| What is expected |
The result should be the lines from the one that contains "Dámské Plavky Jeden" to the final line of the entries below, copied exactly and with no pictures.

──────────────────────────────

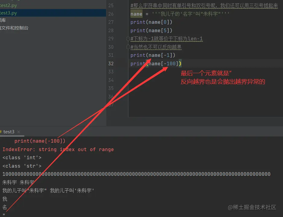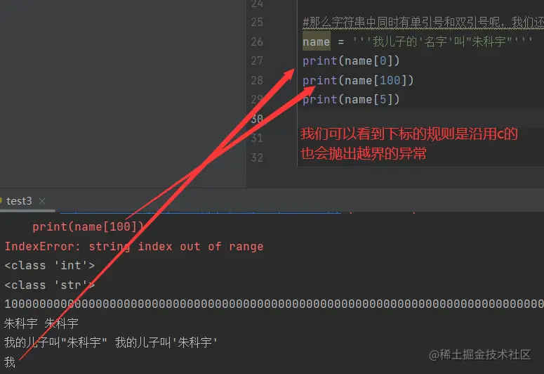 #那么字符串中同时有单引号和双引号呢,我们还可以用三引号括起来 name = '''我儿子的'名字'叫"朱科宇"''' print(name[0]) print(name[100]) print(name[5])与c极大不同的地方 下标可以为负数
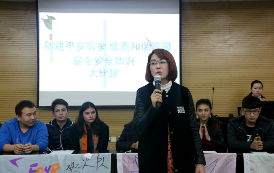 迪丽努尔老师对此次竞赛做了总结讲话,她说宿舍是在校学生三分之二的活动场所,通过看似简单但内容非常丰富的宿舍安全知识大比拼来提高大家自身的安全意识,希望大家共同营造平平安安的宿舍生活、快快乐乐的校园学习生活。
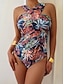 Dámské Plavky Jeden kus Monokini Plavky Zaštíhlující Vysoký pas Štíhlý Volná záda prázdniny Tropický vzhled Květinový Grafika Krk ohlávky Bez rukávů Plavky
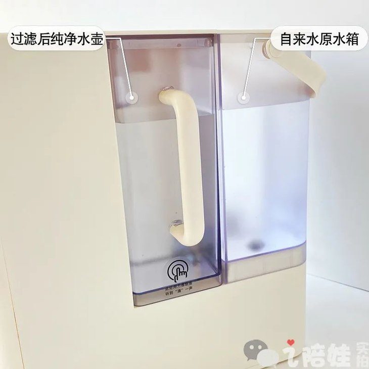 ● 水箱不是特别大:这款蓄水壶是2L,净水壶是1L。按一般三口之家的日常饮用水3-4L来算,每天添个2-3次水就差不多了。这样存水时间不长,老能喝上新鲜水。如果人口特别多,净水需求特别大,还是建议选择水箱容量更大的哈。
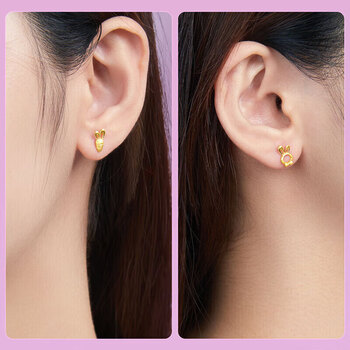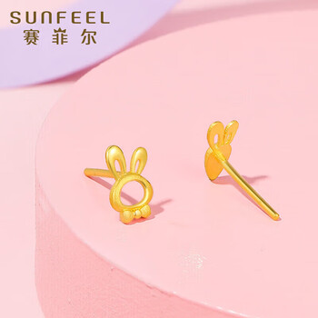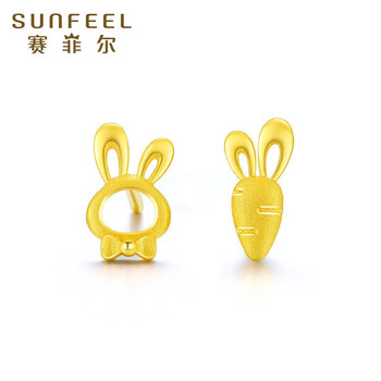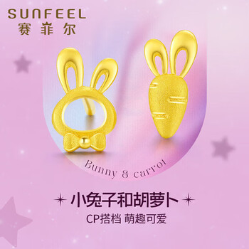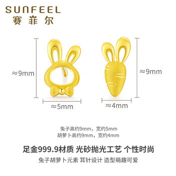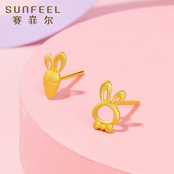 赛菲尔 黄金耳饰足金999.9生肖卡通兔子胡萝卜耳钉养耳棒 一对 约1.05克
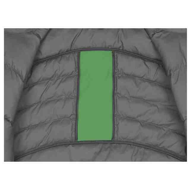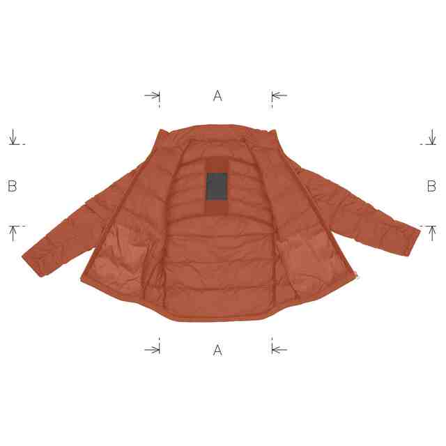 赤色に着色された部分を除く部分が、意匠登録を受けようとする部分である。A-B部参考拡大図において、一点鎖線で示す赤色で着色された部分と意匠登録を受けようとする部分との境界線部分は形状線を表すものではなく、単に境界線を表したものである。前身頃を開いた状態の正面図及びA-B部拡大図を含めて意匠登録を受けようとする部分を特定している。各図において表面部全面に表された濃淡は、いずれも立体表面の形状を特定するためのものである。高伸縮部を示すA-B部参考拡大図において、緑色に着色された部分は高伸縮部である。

──────────────────────────────

| Task result |
 Dámské Plavky Jeden kus Monokini Plavky Zaštíhlující Vysoký pas Štíhlý Volná záda prázdniny Tropický vzhled Květinový Grafika Krk ohlávky Bez rukávů Plavky
 ● 水箱不是特别大:这款蓄水壶是2L,净水壶是1L。按一般三口之家的日常饮用水3-4L来算,每天添个2-3次水就差不多了。这样存水时间不长,老能喝上新鲜水。如果人口特别多,净水需求特别大,还是建议选择水箱容量更大的哈。
 赛菲尔 黄金耳饰足金999.9生肖卡通兔子胡萝卜耳钉养耳棒 一对 约1.05克
 赤色に着色された部分を除く部分が、意匠登録を受けようとする部分である。A-B部参考拡大図において、一点鎖線で示す赤色で着色された部分と意匠登録を受けようとする部分との境界線部分は形状線を表すものではなく、単に境界線を表したものである。前身頃を開いた状態の正面図及びA-B部拡大図を含めて意匠登録を受けようとする部分を特定している。各図において表面部全面に表された濃淡は、いずれも立体表面の形状を特定するためのものである。高伸縮部を示すA-B部参考拡大図において、緑色に着色された部分は高伸縮部である。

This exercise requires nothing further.